- _Exercise_: What must be handed in is the entire listing, exactly as written, with no pictures.

- _Given material_:
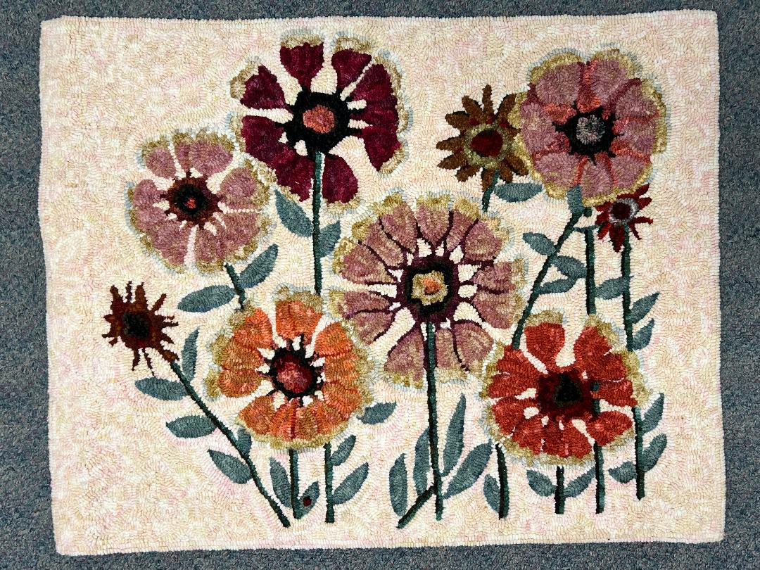 Blanket Flowers, a completed rug hooked by Karen Whidden,
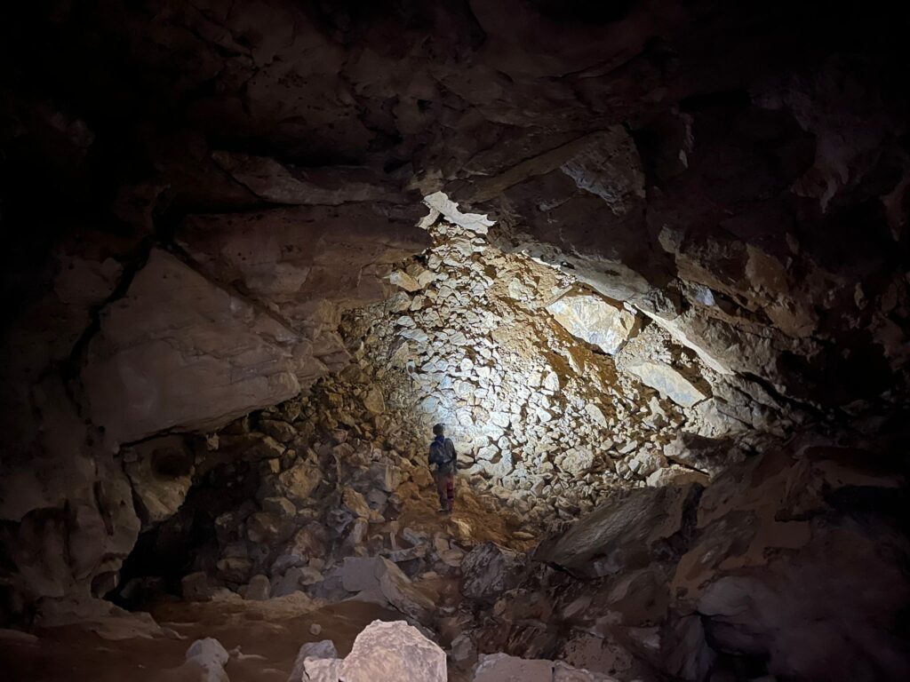 - Désobstruction d’une interstrate ouvrant sur une galerie d’une quarantaine de mètres, stoppée provisoirement par un bouchon argileux.
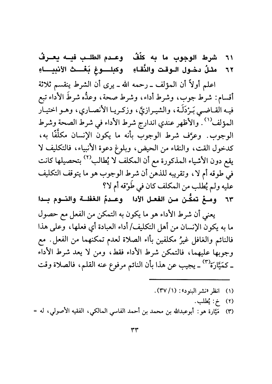 اعلم أولًا أن المؤلف -رحمه اللَّه- يرى أن الشرط ينقسم ثلاثة أقسام: شرط جوب، وشرط أداء، وشرط صحة، وعدُّه شرطَ الأداء تبع فيه القاضي بَرْدَلَة، والشيرازيَّ، وزكريا الأنصاري، وهو اختيار المؤلف (¬١). والأظهر عندي اندارج شرط الأداء في شرط الصحة وشرط الوجوب. وعرَّف شرط الوجوب بأنه ما يكون الإنسان مكلَّفًا به، كدخول الوقت، والنقاء من الحيض، وبلوغ دعوة الأنبياء، فالتكليف لا يقع دون الأشياء المذكورة مع أن المكلف لا يُطلب (¬٢) بتحصيلها كانت في طوقه أم لا، وتقريبه للذهن أن شرط الوجوب هو ما يتوقف التكليف عليه ولم يُطلب من المكلف كان في طَوْقه أم لا؟
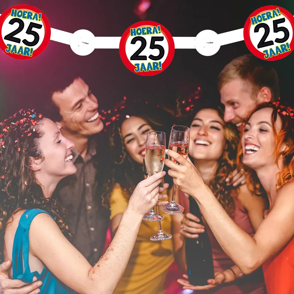 Ben je opzoek naar een manier om jouw feestje weer uniek te versieren? Dat gaat natuurlijk helemaal lukken met deze prachtige 25 JAAR! slinger! Hang deze prachtige slinger voor je raam of in je tuin en de hele straat weet dat er een geweldig feestje bij je aan de gang is. De kunsstof bordjes zijn 17 centimeter hoog en 45 centimeter breed, de lengte van de gehele slinger is (met alle bordjes) 7,5 meter. Omdat de slingerdelen verwisselbaar zijn kan je er ook twee kleinere slingers van maken óf combineer met een andere slinger uit ons assortiment voor een geinig en afwisselend beeld. Één ding blijft zeker, uw feestje zal prachtig versierd zijn!

- _Your solution_:
 Blanket Flowers, a completed rug hooked by Karen Whidden,
 - Désobstruction d’une interstrate ouvrant sur une galerie d’une quarantaine de mètres, stoppée provisoirement par un bouchon argileux.
 اعلم أولًا أن المؤلف -رحمه اللَّه- يرى أن الشرط ينقسم ثلاثة أقسام: شرط جوب، وشرط أداء، وشرط صحة، وعدُّه شرطَ الأداء تبع فيه القاضي بَرْدَلَة، والشيرازيَّ، وزكريا الأنصاري، وهو اختيار المؤلف (¬١). والأظهر عندي اندارج شرط الأداء في شرط الصحة وشرط الوجوب. وعرَّف شرط الوجوب بأنه ما يكون الإنسان مكلَّفًا به، كدخول الوقت، والنقاء من الحيض، وبلوغ دعوة الأنبياء، فالتكليف لا يقع دون الأشياء المذكورة مع أن المكلف لا يُطلب (¬٢) بتحصيلها كانت في طوقه أم لا، وتقريبه للذهن أن شرط الوجوب هو ما يتوقف التكليف عليه ولم يُطلب من المكلف كان في طَوْقه أم لا؟
 Ben je opzoek naar een manier om jouw feestje weer uniek te versieren? Dat gaat natuurlijk helemaal lukken met deze prachtige 25 JAAR! slinger! Hang deze prachtige slinger voor je raam of in je tuin en de hele straat weet dat er een geweldig feestje bij je aan de gang is. De kunsstof bordjes zijn 17 centimeter hoog en 45 centimeter breed, de lengte van de gehele slinger is (met alle bordjes) 7,5 meter. Omdat de slingerdelen verwisselbaar zijn kan je er ook twee kleinere slingers van maken óf combineer met een andere slinger uit ons assortiment voor een geinig en afwisselend beeld. Één ding blijft zeker, uw feestje zal prachtig versierd zijn!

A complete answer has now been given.